By the way, does anyone know how "I" came to be capitalized?


----------



## optimistique

In Dutch the polite 'you' is often capitalised, but just as much it is not. So you see *u* & *U* and their respective possesive pronouns *uw* & *Uw* both. Also when referred to God, people capitalise 'he' (*hij*) -> (*Hij)*.


----------



## Dr. Quizá

In Spanish we use even less capitalisation than in English. There's a Spanish word for the German "Sie": usted(es), but it has no special capitalisation.


----------



## Outsider

cyanista said:
			
		

> By the way, does anyone know how "I" came to be capitalized?


See this thread: "I vs. i"


----------



## cyanista

Thanks a bunch, Outsider! That thread not only answers my question about "I" but also mentions another interesting case of capitalization: the Spanish "usted" is written "Ud" or "Vd" when abbreviated.


----------



## diegodbs

cyanista said:
			
		

> Thanks a bunch, Outsider! That thread not only answers my question about "I" but also mentions another interesting case of capitalization: the Spanish "usted" is written "Ud" or "Vd" when abbreviated.


 


> De sus distintas abreviaturas (_Ud., Vd., U. _y _V._), la más frecuente hoy, y también la más recomendable, es _Ud.,_ cuyo plural es _Uds_.


 
Nowadays, the most used and recommended is "Ud."


----------



## Jana337

I think we should distinguish two cases:

1. Some pronouns are capitalized always (I, Lei in Italian, Sie in German).
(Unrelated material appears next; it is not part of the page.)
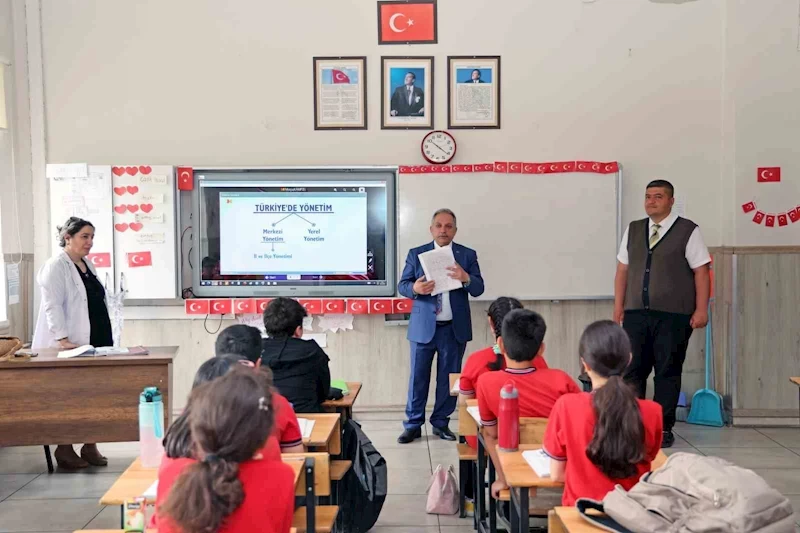 Talas Belediye Başkanı Mustafa Yalçın, Talas Derviş Güneş Ortaokulu öğrencilerinin daveti üzerine ‘Türkiye’de Yönetim’ konulu derse konuk olarak yerel yönetimler hakkında bilgiler verdi.
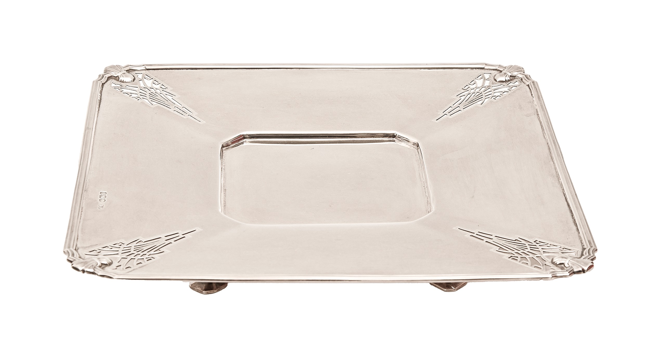 A George V art deco silver cake stand, on four feet, 24 x 24cm, by Frank Cobb & Co Ltd, Sheffield 1933 and marked RD 767397, 20oz 8dwt

It would be grammatically incorrect not to capitalize them. Politeness does not matter.

2. In some languages, "you" (formal or informal) is capitalized in letters for the sake of politeness. In Czech books, you normally read "ty". But in a letter or even e-mail to someone with whom I am on very informal terms, I would always write "Ty".

Jana


----------



## ronanpoirier

I Portuguese I see pronoums such as _senhor_, _dona _(I can't remeber how they are called_)_ and so on, written with capital letters when they are followed by the last name of a person. And in English they have a different translation.

O *senhor* gostaria de ver um filme comigo? = Would you (formal) like to watch a movie with me?

O *Senhor* Pereira é um homem muito interessante. = Mister Pereira is a very interesting man.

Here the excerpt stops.